Five on a Hike Together is the tenth novel in the Famous Five series by Enid Blyton. It was first published in 1951.

==Plot==
Siblings Julian and Dick Kirrin have been given a four-day weekend from their boarding school, coinciding with the mid-term break of their sister Anne and cousin George, so they arrange to go hiking together. Julian plans to spend their first night at a bed and breakfast called Blue Pond Farm. On the way, George's dog, Timmy, injures his leg when being pulled out of a rabbit burrow. Consequently, Julian and George go to the residence of Mr Gaston, a local expert on animals, while Dick and Anne head for the farm. Mr Gaston treats Timmy's injured leg and Mrs Gaston then insists Julian and George stay for a meal, after which they walk to Blue Pond Farm.

Dick and Anne have taken a wrong turn and are confused by ringing bells. They head toward a light, where they encounter an elderly deaf woman. Assuming they have reached Blue Pond Farm, Dick and Anne go in, but the woman, Mrs Taggart, tells them to leave because her son, Dirty Dick, would not accept them. She eventually agrees to let Anne sleep in a loft, whilst Dick makes do with sleeping in a barn.

During the night, Dick is awakened by a voice calling his name. He is given a cryptic message and a piece of paper. The next morning, Mrs Taggart’s son is back and chases Dick away. He and Anne get directions to Blue Pond Farm and are reunited with Julian and George for breakfast, where they tell the story of the message and the bells, which Julian says will signal an escape from the local prison.

The children report the incident to a village policeman, but he accuses them of lying and informs them the escapee has been caught. Julian decides they should hike to a ruined house called Two-Trees, located at Gloomy Water, a marshy lake higher on the moors. That night, Julian deduces that the message is instructions to find stolen goods from a robbery by a prisoner called Nailer and that the loot is hidden in a boat called the Saucy Jane.

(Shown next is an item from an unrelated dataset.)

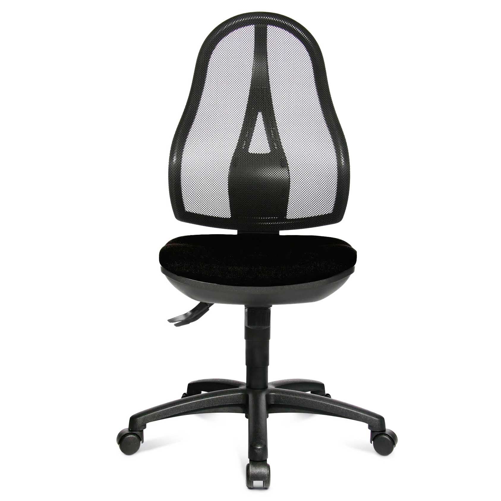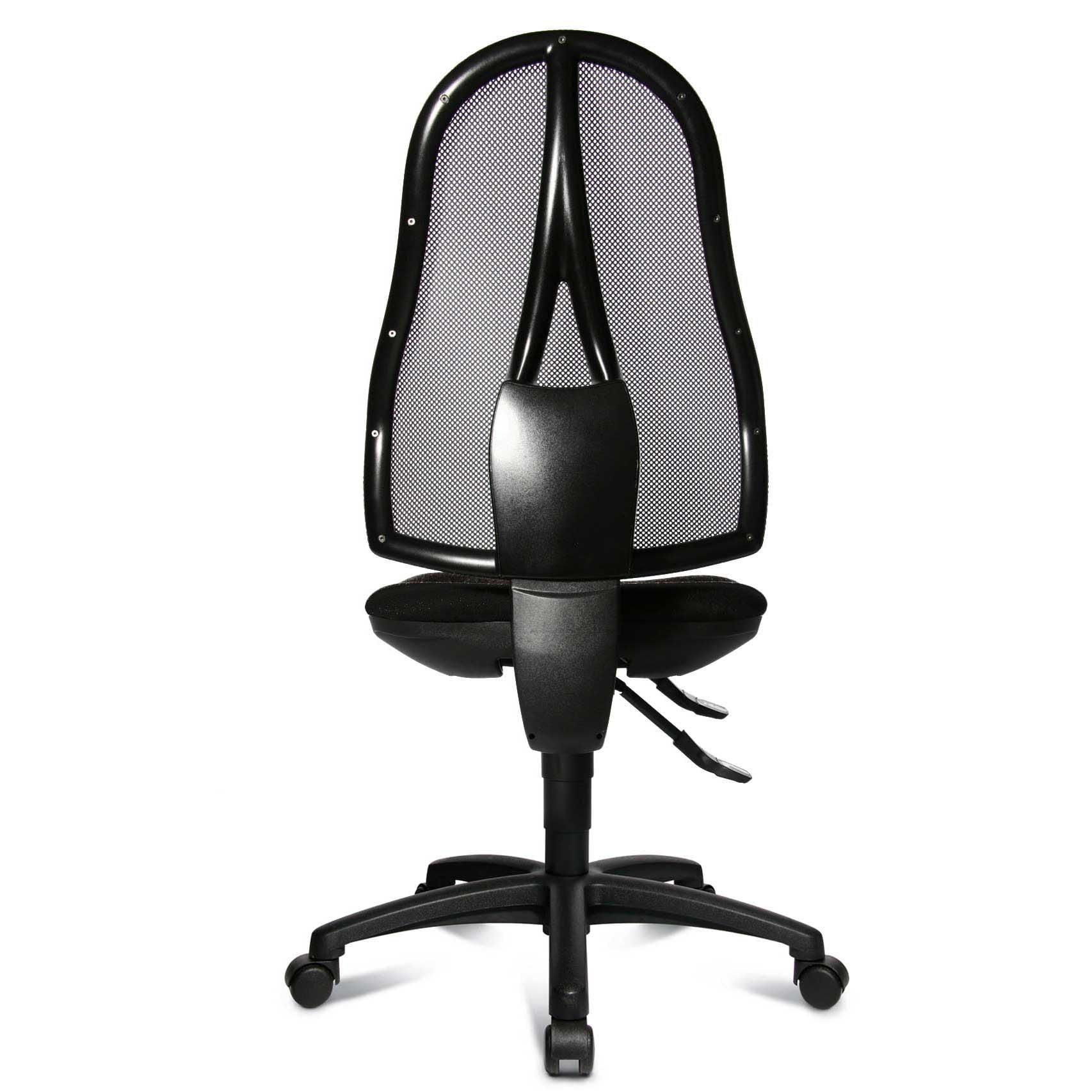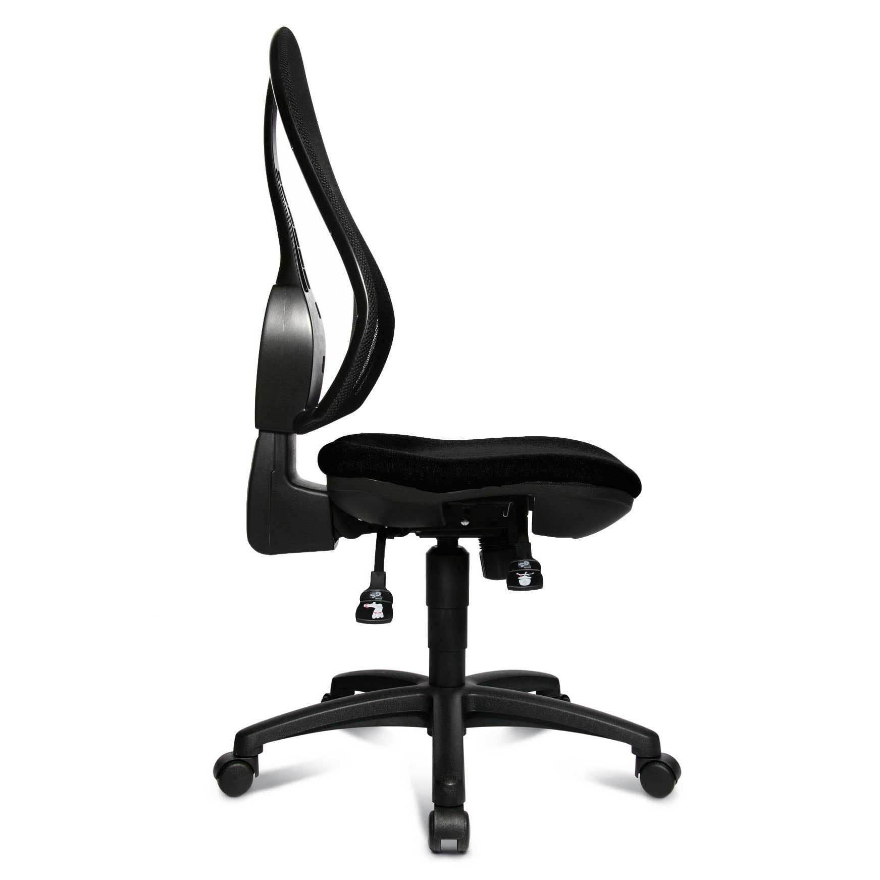 Deze stoel heeft een achterrug van een frame in volledig kunststof en is bespannen met een netstof voor een goede ventilatie. De achterrug is tevens traploos in hoogte en schuinte in te stellen. De voorgevormde zitting zorgt voor een optimale ondersteuning van het bekken hetgeen weer een positieve werking heeft op de wervelkolom en wervelschijven. De zitting en rug hebben en synchroon systeem dat op je eigen lichaamsgewicht in te stellen is en op elke positie te fixeren is. Het onderstel is van zwarte polyamide. Armleggers zijn optioneel leverbaar, zie bij onderstaand bij bijpassende artikelen.

The following day, Dirty Dick arrives at Gloomy Water with a woman called Maggie, to search for the loot and are annoyed to see the children there. The Five paddle into the lake on a raft but do not find anything. They conclude that “Tall Stone”, one of the clues written on the paper given to Dick, is a landmark that will help guide them to the location of the Saucy Jane. The next morning, they locate the Saucy Jane at the bottom of the lake, at which point Maggie and Dirty Dick appear in a boat but row back to shore after Julian says the children will be returning to school tomorrow. Julian dives to the bottom of the lake and finds a bag of loot, but cannot remove it. The Five return on the raft near midnight, and Julian and Dick dive to the boat to haul up the loot, which is jewellery stolen from the Queen of Fallonia.

After recovering the jewels, the Five evade Maggie and Dirty Dick and walk to the village of Reebles to call Mr Gaston, who then drives them to a police station, where the children hand over the jewels and tell their story. Maggie and Dirty Dick, stuck in the marshland, are arrested and the police promise to drive the children back to their schools.

==Adaptations==
- The gamebook The Sinister Lake Game (1984) was based on this novel.